= Guo Xiaojun =

Chinese Falun Gong practitioner

Guo Xiaojun (郭小军 (Guō Xiǎojūn)) is a Chinese university lecturer and practitioner of Falun Gong who has twice been imprisoned by the government of the People's Republic of China on charges of "using a heretical organization to subvert the law". Amnesty International considers him a prisoner of conscience.

==First arrest==

At the time of his first arrest, Guo worked as a lecturer at Shanghai Jiao Tong University in Shanghai, in the Department of Electronics and Information Science. In 2001, he was arrested by the Chinese government for distributing Falun Gong literature, following the 1999 ban on the religion by the Chinese government. He was imprisoned in a labor camp until 2004.

==Second arrest==
On 7 January 2010, Guo was arrested without a warrant at his home in Shanghai by eight plainclothes police officers. According to Guo's wife Xu Wenxin, one officer shoved Guo to the ground, cutting his head. His home was searched, and his cell phone, laptop computer, books, and other items were confiscated by the arresting officers. He was then taken to the Shanghai Baoshan District Detention Center. On 18 January, Guo's interrogation began. He alleges that he was deprived of sleep and food, and that his interrogators threatened to arrest Xu Wenxin, who is also a Falun Gong practitioner, unless Guo signed a confession. Guo signed a statement agreeing that he was guilty of the charge of using a heretical organization to subvert the law.

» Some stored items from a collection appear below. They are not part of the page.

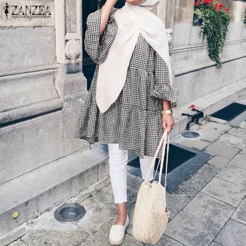 Casual Islamic Clothing Muslim Loose Tunic Ladies Kaftan Blusas Plaid Tops Spring ZANZEA Elegant Women Blouse Femme Chemise
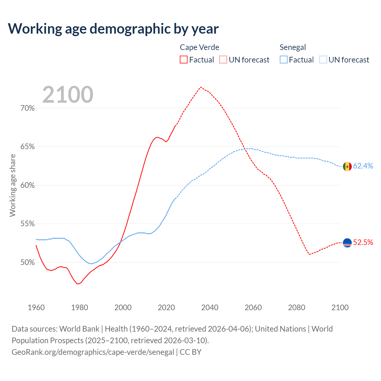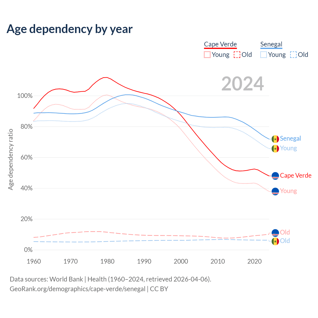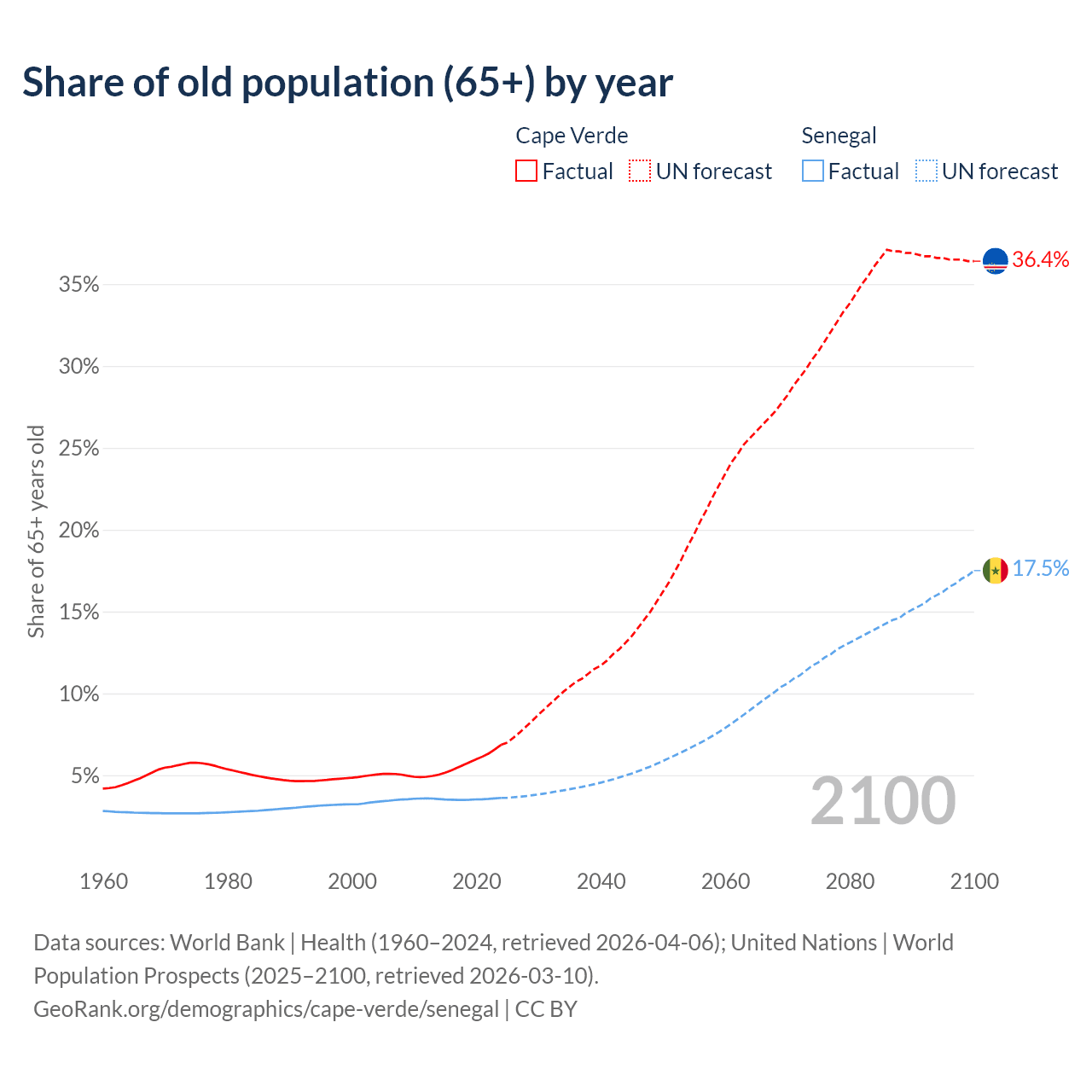 - The share of old-age demographic (65+) in Cape Verde is 6.86% vs 3.62% in Senegal.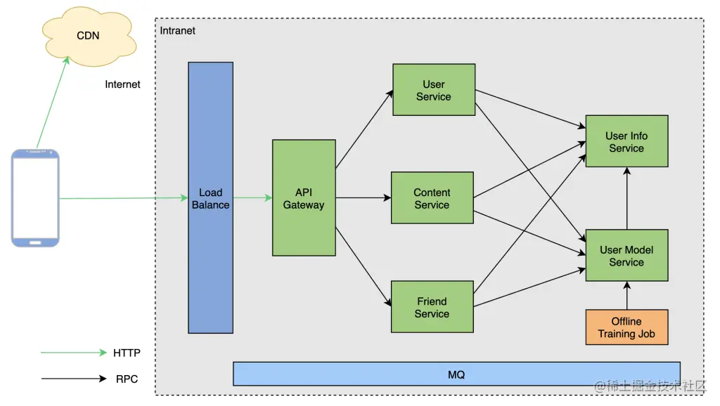流量进入右侧Internet企业内网环境之后,首先会经过负载均衡(Load Balance),API网关,最后在分配到各个服务上去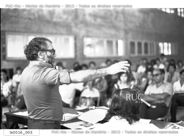 Palestra sobre favelas em Ciclo de Palestras e Debates sobre Problemas Sociais, realizada no antigo Salão de Vidro, em obras, onde atualmente se localiza o Auditório Padre Anchieta. |
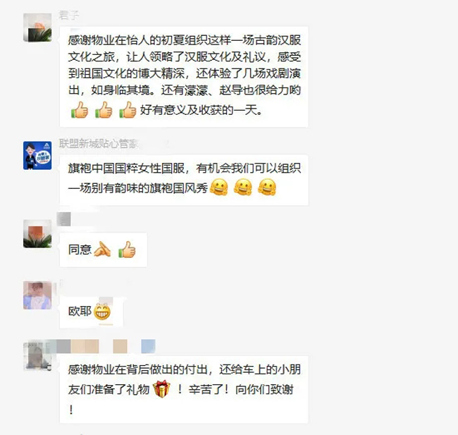 不少业主表示,在建业物业人的贴心陪伴下,这样一场古韵汉服文化之旅,让人领略到了汉服文化及古代礼仪的魅力,感受到祖国文化的博大精深,是充满意义,也是富有收获的一天,并表示非常期待建业物业下一次的主题活动。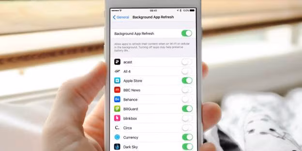 Nhiều ứng dụng chạy ngầm đặt chế độ refresh liên tục có thể khiến iPhone hao pin nhanh hơn. Để hạn chế điều đó, bạn vào Settings > General > Background App Refresh rồi nhấp chọn vào từng ứng dụng. Nếu ứng dụng nào không cần refresh ngầm, bạn nên tắt chế độ đó đi. Ngay cả ứng ụng e-mail và tin nhắn, khi tắt chế độ refresh chúng vẫn chạy tốt – chỉ có điều sẽ mất thêm chút thời gian để tải nội dung về, nhưng bù lại sẽ tiết kiệm được khá nhiều pin.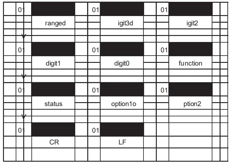 Digit 3 is the most significant digit on the LCD panel, and digit 0 is the least significant digit. When the LCD panel shows OL, the serial port outputs 4000.Digit Code 0 0110000 1 0110001 2 0110010 3 0110011 4 0110100 5 0110101 6 0110110 7 0110111 8 0111000 9 0111001 - STATUS

In the course of Guo's legal case, his family hired five successive lawyers, each of which withdrew following alleged government pressure. One lawyer reported that he was told by the Beijing Judicial Bureau that he would be disbarred if he chose to defend Guo. On 7 July 2010, Guo was convicted on the basis of his confession and sentenced to four years' imprisonment; because his current lawyer was not informed by authorities of the date of the hearing, Guo had no legal representation at his trial. Guo stated after the verdict that he wished to retract his confession, reiterating his claim that it was obtained through torture, but the judge prevented him from finishing his statement.

In March 2011, Amnesty International reported that Guo was suffering from a "serious eye condition" for which prison authorities were denying him treatment.

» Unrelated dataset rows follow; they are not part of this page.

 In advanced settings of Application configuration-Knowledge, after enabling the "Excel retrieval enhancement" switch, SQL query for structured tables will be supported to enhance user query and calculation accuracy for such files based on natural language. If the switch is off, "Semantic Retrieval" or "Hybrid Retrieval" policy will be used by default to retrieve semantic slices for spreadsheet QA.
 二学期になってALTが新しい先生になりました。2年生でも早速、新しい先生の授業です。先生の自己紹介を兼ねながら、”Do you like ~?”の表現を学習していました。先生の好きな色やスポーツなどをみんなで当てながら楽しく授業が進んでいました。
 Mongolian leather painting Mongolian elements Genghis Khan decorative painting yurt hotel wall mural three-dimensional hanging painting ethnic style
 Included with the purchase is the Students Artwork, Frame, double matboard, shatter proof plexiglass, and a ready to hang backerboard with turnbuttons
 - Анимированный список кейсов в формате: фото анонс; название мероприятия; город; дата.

==International reaction==
Amnesty International designated Guo Xiaojun a "prisoner of conscience", "imprisoned solely because of his beliefs", and launched multiple international letter-writing campaigns on his behalf. The US State Department listed his imprisonment as an "abuse of religious freedom" in its 2010 International Religious Freedom Report. Charles Tannock of the European Parliament raised his case with the EP Commission for Human Rights, which in turn called on the Chinese government "to respect the freedom of religious belief and practice". The United Nations Special Rapporteur on freedom of religion or belief, Heiner Bielefeldt, submitted Guo's allegations to the Chinese authorities in his 2011 report, noting the "continued violations of freedom of religion or belief suffered by Falun Gong practitioners in China". The Chinese government declined to reply.